Although the data below holds other lines too, output only those from the line with "分集水器是由集水器和分水器组" up to and including the line with "总体来说,区块链技术当前处于", exactly as they appear.

● Task data:
Content starts
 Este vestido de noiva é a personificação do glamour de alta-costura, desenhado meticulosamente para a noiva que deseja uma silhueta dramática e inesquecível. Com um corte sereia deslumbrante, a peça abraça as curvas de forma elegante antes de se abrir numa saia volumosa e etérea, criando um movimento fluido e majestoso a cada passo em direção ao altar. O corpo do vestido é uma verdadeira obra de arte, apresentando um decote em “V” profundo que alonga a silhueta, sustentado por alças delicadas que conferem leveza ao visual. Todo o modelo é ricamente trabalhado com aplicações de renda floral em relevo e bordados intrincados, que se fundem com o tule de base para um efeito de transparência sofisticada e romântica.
Content ends
Content starts
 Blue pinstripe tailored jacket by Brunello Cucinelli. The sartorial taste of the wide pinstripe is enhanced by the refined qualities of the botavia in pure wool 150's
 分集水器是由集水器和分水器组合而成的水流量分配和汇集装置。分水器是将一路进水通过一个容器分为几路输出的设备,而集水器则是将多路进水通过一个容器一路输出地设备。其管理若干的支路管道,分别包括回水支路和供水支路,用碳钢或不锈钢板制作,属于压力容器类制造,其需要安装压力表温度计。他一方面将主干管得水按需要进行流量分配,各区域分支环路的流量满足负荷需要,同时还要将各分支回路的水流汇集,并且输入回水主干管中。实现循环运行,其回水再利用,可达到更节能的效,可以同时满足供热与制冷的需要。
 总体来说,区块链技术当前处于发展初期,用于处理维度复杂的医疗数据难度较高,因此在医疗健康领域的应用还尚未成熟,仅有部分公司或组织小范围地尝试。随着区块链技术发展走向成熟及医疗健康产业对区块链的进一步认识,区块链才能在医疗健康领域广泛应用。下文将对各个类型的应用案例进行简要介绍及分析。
Content ends
● Result of the task:
 分集水器是由集水器和分水器组合而成的水流量分配和汇集装置。分水器是将一路进水通过一个容器分为几路输出的设备,而集水器则是将多路进水通过一个容器一路输出地设备。其管理若干的支路管道,分别包括回水支路和供水支路,用碳钢或不锈钢板制作,属于压力容器类制造,其需要安装压力表温度计。他一方面将主干管得水按需要进行流量分配,各区域分支环路的流量满足负荷需要,同时还要将各分支回路的水流汇集,并且输入回水主干管中。实现循环运行,其回水再利用,可达到更节能的效,可以同时满足供热与制冷的需要。
 总体来说,区块链技术当前处于发展初期,用于处理维度复杂的医疗数据难度较高,因此在医疗健康领域的应用还尚未成熟,仅有部分公司或组织小范围地尝试。随着区块链技术发展走向成熟及医疗健康产业对区块链的进一步认识,区块链才能在医疗健康领域广泛应用。下文将对各个类型的应用案例进行简要介绍及分析。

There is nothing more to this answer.